* _ASSIGNMENT_: Skip pictures in the listing below; copy exactly the lines from the one with "Şehir nüfusunun raylı" through the one with "这是电视剧《山城棒棒兵》(1", inclusive.

* _RECORD SET_:
○ ○ ○ ○

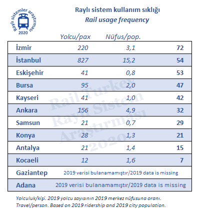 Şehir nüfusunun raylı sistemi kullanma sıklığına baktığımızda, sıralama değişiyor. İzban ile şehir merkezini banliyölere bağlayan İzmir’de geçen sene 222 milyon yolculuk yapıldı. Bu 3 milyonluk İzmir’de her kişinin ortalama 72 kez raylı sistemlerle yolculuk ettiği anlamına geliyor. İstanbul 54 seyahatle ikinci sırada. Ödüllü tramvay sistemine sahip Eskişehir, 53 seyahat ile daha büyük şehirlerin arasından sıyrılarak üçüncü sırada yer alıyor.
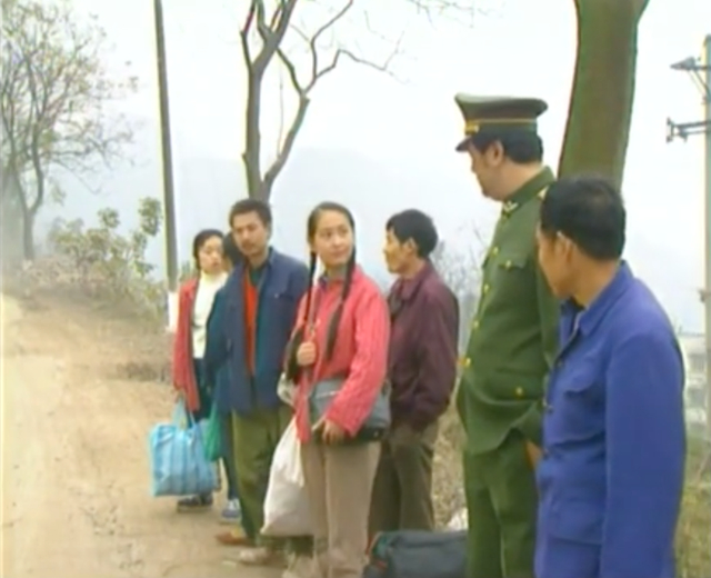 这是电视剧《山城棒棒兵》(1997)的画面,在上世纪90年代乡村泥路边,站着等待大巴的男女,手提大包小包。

○ ○ ○ ○

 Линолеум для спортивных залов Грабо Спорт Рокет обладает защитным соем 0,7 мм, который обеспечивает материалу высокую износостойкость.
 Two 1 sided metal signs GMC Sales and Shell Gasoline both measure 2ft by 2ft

○ ○ ○ ○

* _RESPONSE TO THE TASK_:
 Şehir nüfusunun raylı sistemi kullanma sıklığına baktığımızda, sıralama değişiyor. İzban ile şehir merkezini banliyölere bağlayan İzmir’de geçen sene 222 milyon yolculuk yapıldı. Bu 3 milyonluk İzmir’de her kişinin ortalama 72 kez raylı sistemlerle yolculuk ettiği anlamına geliyor. İstanbul 54 seyahatle ikinci sırada. Ödüllü tramvay sistemine sahip Eskişehir, 53 seyahat ile daha büyük şehirlerin arasından sıyrılarak üçüncü sırada yer alıyor.
 这是电视剧《山城棒棒兵》(1997)的画面,在上世纪90年代乡村泥路边,站着等待大巴的男女,手提大包小包。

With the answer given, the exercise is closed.